Avec une armée de 186 000 followers sur Instagram et 132 000 sur TikTok, Luca Romano est rapidement devenu l’une des personnes les plus en vue pour réhabiliter le nucléaire en Italie. Son message, distillé dans des milliers de posts et de vidéos, est que s’opposer au nucléaire est un non-sens idéologique et risque d’entraver la transition écologique.

L’argumentaire trouve un écho auprès d’une jeune génération éco-anxieuses, branchée sur les réseaux sociaux et ouverte à une technologie qu’elle n’associe plus aux effondrements et aux guerres apocalyptiques.

En 2023, près de deux tiers des Italiens âgés de 18 à 54 ans étaient favorables à la construction de nouvelles centrales nucléaires, selon l’institut de sondage SWG qui suit l’évolution de l’opinion publique italienne. Pour les plus de 55 ans, ce chiffre n’est que de 47 %.

La première ministre italienne, Giorgia Meloni, s’est emparée de cette évolution de l’opinion publique, exhortant son pays à revenir à l’énergie nucléaire.

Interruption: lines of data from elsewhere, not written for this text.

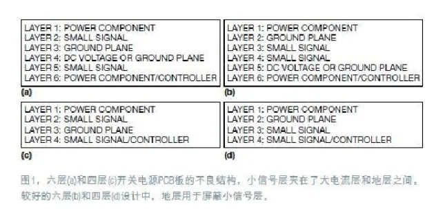 图1a和1c分别是六层和四层开关电源PCB的不良层结构。这些结构将小信号层夹在大电流功率层和地层之间,因此增加了大电流/电压功率层与模拟小信号层之间耦合的电容噪声。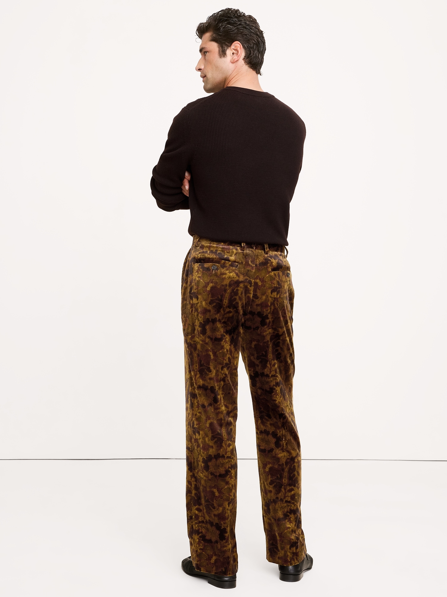 Zip fly with hook-and-bar closure. Belt loops and after-dinner split detail at back.
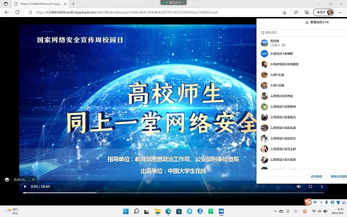 随着网络技术的发展,人们的生活越来越离不开互联网,网络安全显得尤为重要。9月5日至11日,2022年第九届国家网络安全宣传周围绕“网络安全为人民,网络安全靠人民”举办。为积极响应活动活动号召,深入学习贯彻习近平总书记关于网络强国的重要思想、习近平总书记对网络安全工作“四个坚持”的重要指示和国家网络安全有关法律法规,切实做到宣传普及网络安全知识,提升广大学生网络安全意识和防护技能,9月6日下午,外国语学院组织全体师生参与线上“同上一堂网络安全课”活动。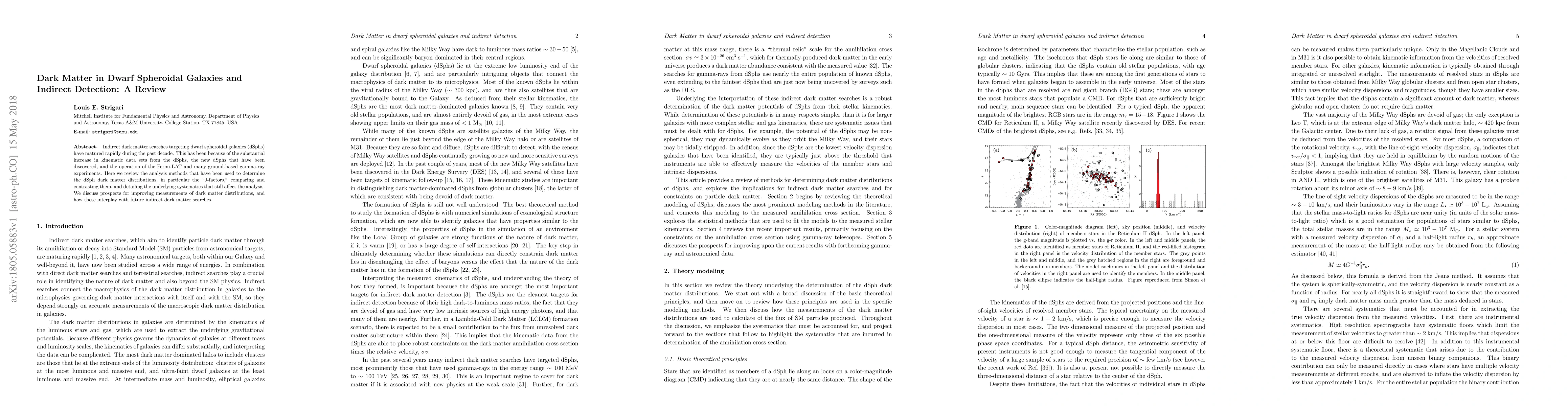 This paper reviews the progress in indirect dark matter detection in dwarf spheroidal galaxies, focusing on analysis methods for determining dark matter distributions, particularly "J-factors," and discusses the systematic uncertainties involved. It also explores future prospects for enhancing these measurements and their relevance to upcoming dark matter searches.

Ces nouvelles centrales ne sont pas nécessairement faciles à vendre. L’Italie, patrie du physicien atomique Enrico Fermi et autrefois troisième producteur mondial d’énergie nucléaire, s’est détourné du nucléaire à la suite de la catastrophe de Tchernobyl en 1986. Le pays a voté pour la fermeture de ses centrales nucléaires et réaffirmé cette décision en 2011 lorsque le gouvernement a tenté de les rouvrir.

Mais les jeunes Italiens ne sont pas attachés à cet héritage culturel et Luca Romano a déclaré à POLITICO qu’ils voyaient le nucléaire d’un œil nouveau.

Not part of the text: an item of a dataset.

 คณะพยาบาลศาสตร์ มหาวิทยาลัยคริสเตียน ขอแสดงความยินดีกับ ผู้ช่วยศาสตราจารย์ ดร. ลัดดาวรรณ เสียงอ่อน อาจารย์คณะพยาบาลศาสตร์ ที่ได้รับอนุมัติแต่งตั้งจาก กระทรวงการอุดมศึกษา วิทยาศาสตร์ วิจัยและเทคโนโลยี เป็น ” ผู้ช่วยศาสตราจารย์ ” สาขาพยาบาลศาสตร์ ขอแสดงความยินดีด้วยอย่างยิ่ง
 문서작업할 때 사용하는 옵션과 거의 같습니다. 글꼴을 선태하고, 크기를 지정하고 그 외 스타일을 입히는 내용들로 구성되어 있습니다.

“Les jeunes n’ont pas vécu les traumatismes de la guerre froide et de Tchernobyl, mais ils ont très peur du changement climatique”, explique l’influenceur. “C’est pourquoi ils considèrent le nucléaire, qui fait partie du panel de solutions, d’une manière plus favorable.”

Jouer à l’avocat de l’atome

Luca Romano a créé son compte lorsque la pandémie a frappé le pays en 2020. Le professeur de mathématiques et de physique a dû travailler en ligne, et il a vu ce compte comme un moyen de s’en sortir.

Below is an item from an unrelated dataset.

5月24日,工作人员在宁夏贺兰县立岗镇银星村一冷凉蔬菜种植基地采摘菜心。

Le projet s’est développé tout seul, explique Luca Romano, attirant des milliers de followers à chaque fois que l’énergie nucléaire faisait la une de l’actualité. Que ça soit la décision controversée de l’Union européenne de qualifier l’énergie nucléaire d’investissement “durable” ou les articles évoquant la décision japonaise de rejeter dans la mer l’eau de la centrale de Fukushima. À chaque fois, le nombre de followers grimpait.

Puis il y a eu la plus grande histoire de toutes : l’occupation par la Russie de la centrale nucléaire de Zaporijia, en Ukraine. Luca Romano affirme que son nombre d’abonnés a augmenté de 50 % en une semaine ce jour-là.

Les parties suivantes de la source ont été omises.